Fifteen. The current number of Democratic candidates officially announcing their aspirations to become the next President of United States. The ever-growing field of Democrats running for the presidency is worth discussing. The number is not yet fixed, as there are other names being thrown around, of individuals in the party who may announce soon or launch exploratory campaigns. The most recognizable one of them is Joe Biden, the former Vice President, who has not decided whether or not he would run. Nevertheless, he is ahead of all other (formally announced) candidates in all polls.
Other household name (who may give everyone 2016 election flashbacks) is Bernie Sanders, the Independent self-proclaimed socialist Senator of Vermont.
Centrists vs. Progressives
However, not all the Dem candidates are champions of social far-left policies. There are some moderate ones as well. One of them, for instance, is Amy Klobuchar.
Senator Klobuchar of Minnesota, who gained more popularity during Brett Kavanaugh confirmation hearings, has been serving in the Senate since 2007. Unlike other candidates like Elizabeth Warren and Bernie Sanders, she does not support free 4-year college for everyone, or “eliminating Private Health Insurance” like Kamala Harris suggested, or other promises that are being floated around by progressive candidates.

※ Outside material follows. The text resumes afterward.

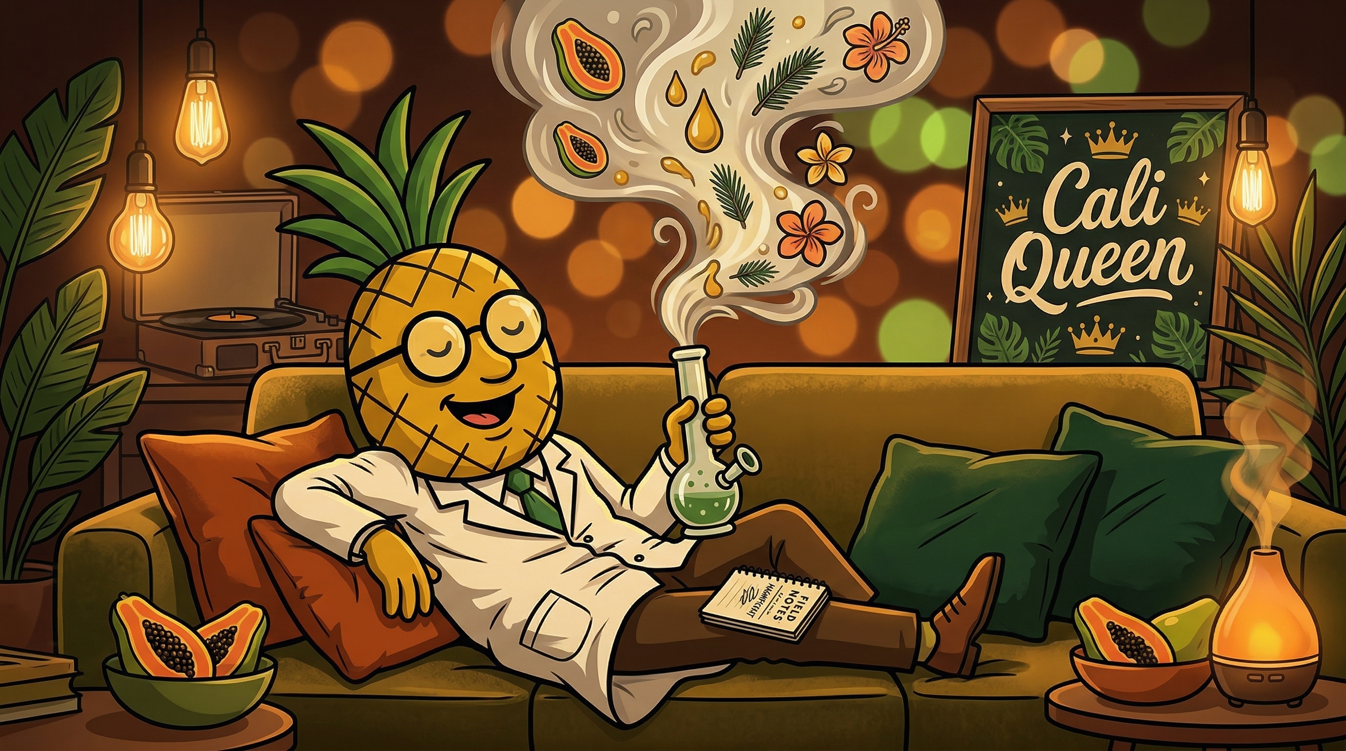 Alright, so I just settled in with some Cali Queen and let me tell you — this strain has a dual personality that is genuinely fascinating from a biochemical standpoint. The initial onset hits like a bright cognitive spark, almost paradoxical for an indica — there's this heady, expansive feeling where thoughts feel suddenly more vivid and connected. Credit goes to the Limonene and Pinene doing their cerebral work before Myrcene steps in as the closer. And then, maybe 20 minutes in, you feel this warm gravitational pull across the shoulders and down the back — like tension you didn't even know you were holding just... releases. The Caryophyllene is clearly engaging those CB2 receptors because this isn't just 'relaxed' — it's targeted, almost therapeutic physical relief. The diesel-papaya flavor combination keeps surprising me on each exhale. This is what well-designed cannabis genetics feel like — layered, purposeful, and deeply satisfying. The Dream Queen ancestry gives it personality; the Papaya lineage gives it weight and depth.

The office with the highest staff turnover
Senator Klobuchar has always tried to portray herself as “Midwestern nice”, and bring people together through bipartisanship and Minnesota niceness! However, after announcing her candidacy, numerous reports of her alleged misbehavior and verbal abuse toward her staff came out, painting her as a mean boss. Anecdotes such as throwing binders at staffs and telling them the work they have done is “the worst”, and even trying to sabotage the staffs that left her by calling their new bosses and advising against hiring them. She allegedly creates a toxic work environment. Her office has the highest staff turnover in the Senate.
Is toughness the answer?
Senator Klobuchar responded to the reports by acknowledging that she’s a tough boss: “Yes, I can be tough, and yes, I can push people. I have high expectations for myself. I have high expectations for the people that work for me. But I have high expectations for this country”. She also suggested her reputation as a tough boss can be helpful while negotiating with leaders like Vladimir Putin: “When you’re out there on the world stage and dealing with people like Vladimir Putin, yeah, you want someone who’s tough. You want someone that demands the answers and that’s going to get things done, and that’s what I’ve done my whole life.”
The little-known mayor
The other interesting candidate is a young mayor of a small town in Indiana. 37 year-old Pete Buttigieg is serving as the mayor of South Bend since 2012 and he is a Rhode Scholar and Navy veteran of Afghanistan war. He’s the first openly-gay candidate to ever run for President and his juxtaposition to another prominent Indiana politician, Vice President Mike Pence, is strong.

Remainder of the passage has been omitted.